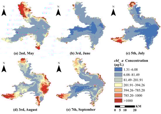 In this study, Sentinel-3 OLCI imagery from May to September 2023 was used to retrieve chl_a concentration within the Hongze Lake region using the MPH algorithm. Due to limitations imposed by weather conditions and revisit cycles, reliable OLCI images were available for 22 days during this period. To validate the reliability of the chl_a concentration retrieval, in situ data were collected in the Hongze Lake region on 11 May 2023, and were used for comparison with the retrieval results. The chl_a concentration results for one day each month are selected and presented here (see Figure 4).
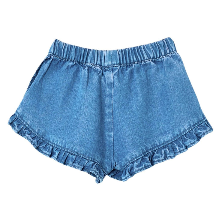 Baby Girls Blue Ruffled Hem Chambray Shorts
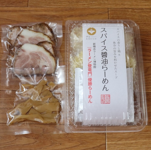 伊豆の自然豊かな里山で山葵の栽培とスパイスを使った料理を提供している伊豆あまからや。新横浜ラーメン博物館主催の「ラーメン登竜門」にて優勝した「スパイス醬油らーめん」は、ブレンドスパイスの香りと鶏&魚介の旨みを利かせたスープ。麺は国産小麦「夢ちから」を使用し、名水「富士山の伏流水」で練り上げた多加水麺です。しっかりとしたコシの中にもしなやかな弾力、小麦の味わい広がる麺に仕上げてあります。
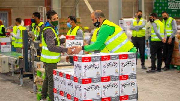 وأوضح عبد الفتاح أن قوافل الحملة مستمرة في توفير المواد الغذائية والدواجن خلال شهر رمضان، لدعم أكبر عدد من الأسر المستحقة، لافتا إلى أن كل أسرة تحصل على كرتونة تتضمن ( 4 كيلو أرز، و1.5 مكرونة، وعبوة زيت، ونصف كيلو فول تدميس، و2 كيلو سكر، وعبوة سمن، وعبوة شاي، وكيلو بلح)، كما سيتم توزيع الدواجن في شكل شنطة تزن 2 كيلو و500 جرام، بالإضافة إلى شنطة تحتوي على 5 كيلو بطاطس.
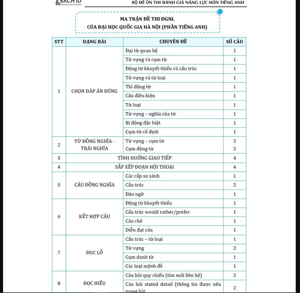 Phần 1: Cung cấp ma trận đề thi ĐGNL của ĐHQG HCM, ĐHQG HN và ĐHSP HN.
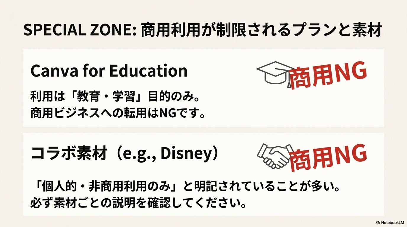 Canvaには、たまに有名ブランドやキャラクターとのコラボ素材が登場します(例:Disneyコラボなど)。 こうした素材は「個人的・非商用利用のみ」と明記されていることが多いです。
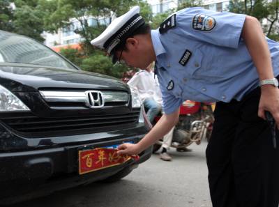 7月18日,荆门市交警支队支队长阳勇在城区执勤时,将一队婚车拦停,将贴在车牌上的”百年好合”全部撕下。眼下婚车遮掩车牌似乎成了惯例,但这样有意遮掩牌照违反了交通法规。本报视界网陈旭摄

## Assigned task
With the pictures omitted, print the lines above exactly, beginning at the line with "Baby Girls Blue Ruffled Hem Chambray Shorts" and going on through the line with "伊豆の自然豊かな里山で山葵の".

## Completed exercise
 Baby Girls Blue Ruffled Hem Chambray Shorts
 伊豆の自然豊かな里山で山葵の栽培とスパイスを使った料理を提供している伊豆あまからや。新横浜ラーメン博物館主催の「ラーメン登竜門」にて優勝した「スパイス醬油らーめん」は、ブレンドスパイスの香りと鶏&魚介の旨みを利かせたスープ。麺は国産小麦「夢ちから」を使用し、名水「富士山の伏流水」で練り上げた多加水麺です。しっかりとしたコシの中にもしなやかな弾力、小麦の味わい広がる麺に仕上げてあります。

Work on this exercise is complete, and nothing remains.